Having one’s name and pronouns accepted is a well-researched method of lowering suicide risk in transgender youth (Bailey et al., 2014; Bauer et al., 2015a; Haas et al., 2011; SPRC, 2008).
Forcing staff to only use a students' legal name/deny them access to school bathrooms will negatively affect the mental health of both parties (the student, for being denied such a basic right as to be called what they want to be called, and the staff for being mandated to break trust with a student). The policy also creates pointless issues for non-transgender students - in my middle school class in Virginia, several students went by nicknames that had nothing to do with their legal names ("Carrie" went by "Morgan", Xiang Zhi went by "John"). This policy puts an undue burden of cost, time, and money on parents and youth to legally change the child's name in order for them to be identified appropriately on the day-to-day.
Single-stall bathrooms are few and far between, especially in rural counties where all students might attend a single middle or high school; facilities such as stadiums and locker rooms; or campuses that are spread across multiple buildings.
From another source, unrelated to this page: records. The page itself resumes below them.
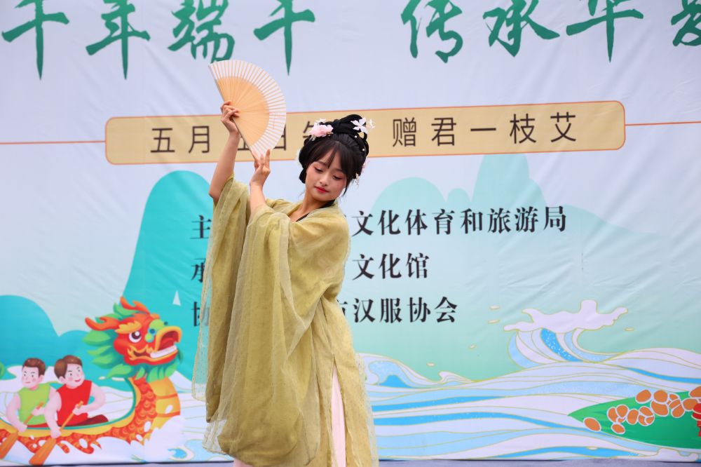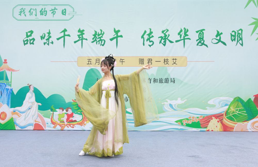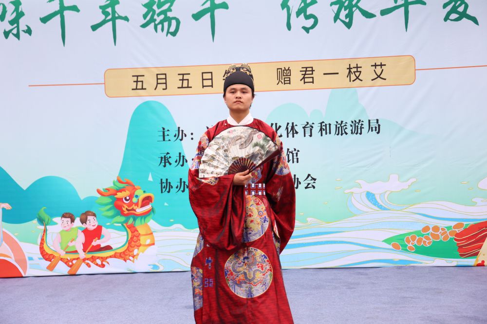 “清明插柳,端午插艾”,在民间,端午节有借艾叶、菖蒲祛毒防疫、预防疾病的传统习俗。演出现场,由穿着汉服的端午仙子不时为在场群众进行沐兰汤(祓禊)活动,用菖蒲、艾叶草沾着盆里的艾叶水,在双手、额头、脖颈轻轻拂拭一下,以示驱灾辟邪。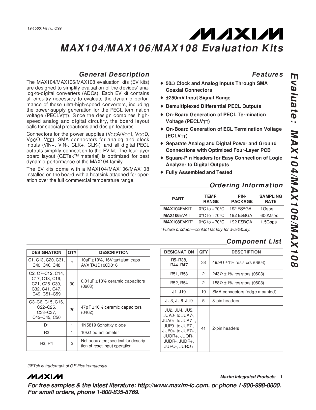 用于 免费 样品 &放大器; 这 最新 文学: http://www.马克西姆-集成电路.com, 或 电话 1-800-998-8800.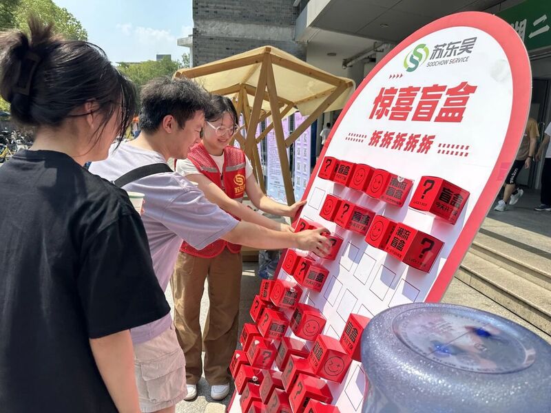 苏州大学独墅湖一期宿舍迎新正热。活动驿站里,新生能免费领“惊喜盲盒”,里面有定制精美生活礼盒、钢笔书签、chiikawa卡套等不同等级奖品及校园文创,让新生收获入学首份惊喜。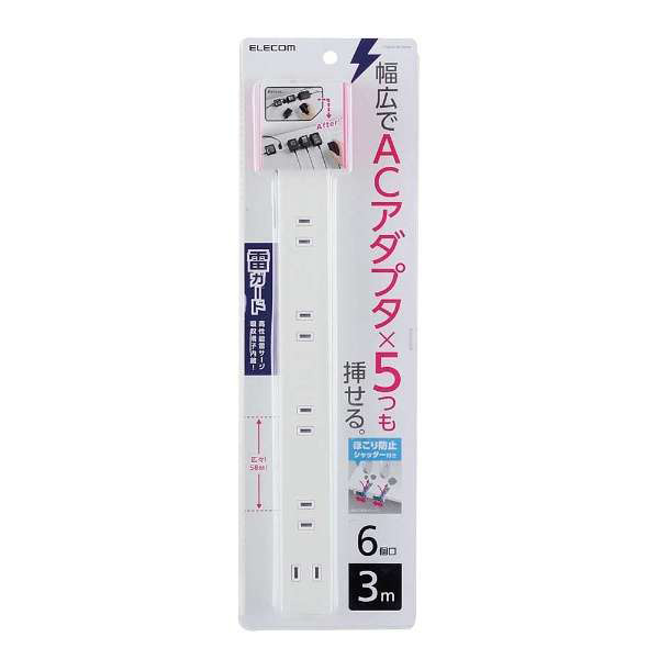 ほこり防止シャッター付き雷ガード内蔵スリム電源タップ(幅広・2ピン式・6個口・ホワイト・3.0m)T-NSLK-2630WH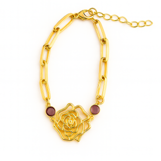 PULSEIRA CRISTAL COM ELOS E UMA FLOR VAZADA NO MEIO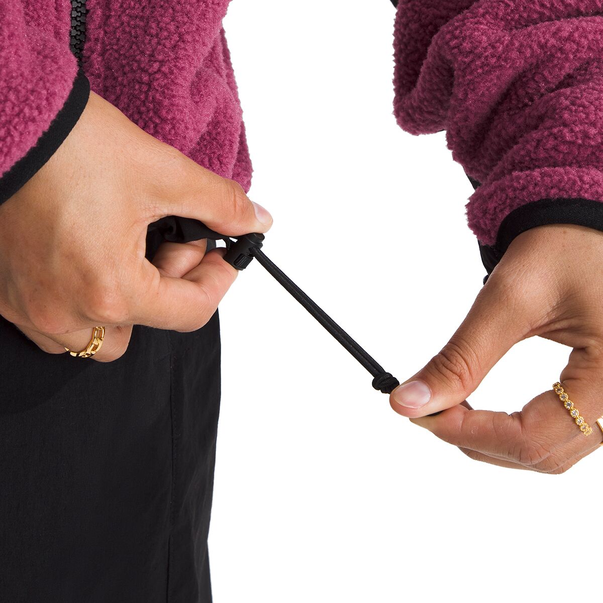 • Elastic cuffs and drawcord hem give us the perfect fit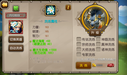 育母蜘蛛的洗炼偏向生存,总体来说还不错。40敏捷带来的魔法强度增加可有可无吧,毕竟育母蜘蛛的魔法技能就只有一个“种子爆弹”而已。推荐重点洗力量和智力,特别是洗高力量属性增加生存能力。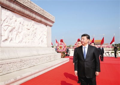昨日上午,习近平等党和国家领导人瞻仰人民英雄纪念碑。当日,烈士纪念日向人民英雄敬献花篮仪式在天安门广场举行。习近平、李克强、张德江、刘云山、王岐山、张高丽等,同首都各界代表一起出席仪式,并向人民英雄敬献花篮。2014年,中国以法律形式将9月30日设立为烈士纪念日。新华社记者 黄敬文 摄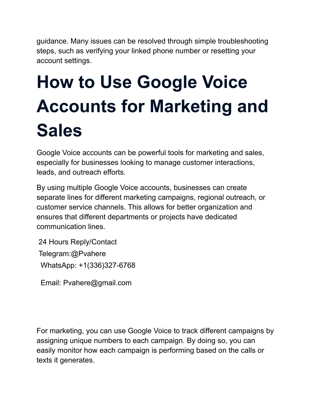 guidance. Many issues can be resolved through simple troubleshooting steps, such as verifying your linked phone number or resetting your account settings. How to Use Google Voice Accounts for Marketing and Sales Google Voice accounts can be powerful tools for marketing and sales, especially for businesses looking to manage customer interactions, leads, and outreach efforts. By using multiple Google Voice accounts, businesses can create separate lines for different marketing campaigns, regional outreach, or customer service channels. This allows for better organization and ensures that different departments or projects have dedicated communication lines. 24 Hours Reply/Contact Telegram:@Pvahere WhatsApp: +1(336)327-6768 Email: Pvahere@gmail.com For marketing, you can use Google Voice to track different campaigns by assigning unique numbers to each campaign. By doing so, you can easily monitor how each campaign is performing based on the calls or texts it generates.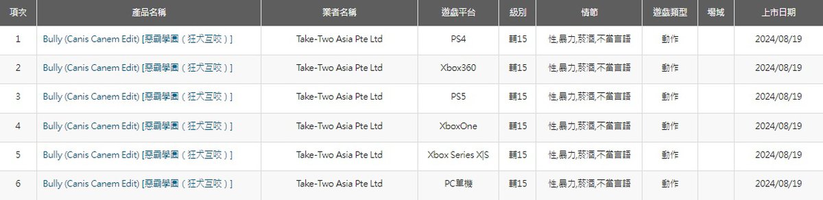 По данным базы тайваньского рейтингового агентства невозможно сказать, зачем Bully обновляли возрастной рейтинг. Примечательно, что у игры отсутствует полноценная версия и для современных консолей, и для устройств предыдуущего поколения.

Policies that state transgender and nonbinary youth can only access single-stall bathrooms or else be forced to use bathrooms aligned with assigned sex is therefore an access issue.
Mandating staff to out students to their parents puts youth at risk for abuse from unaffirming family members. The harm from this action can be anything from the guardians pulling the student from school counseling, to kicking them out of the home entirely, to physical abuse, suicide, or even murder of the child.
Children thrive when they feel safe in schools - all changes should be rejected.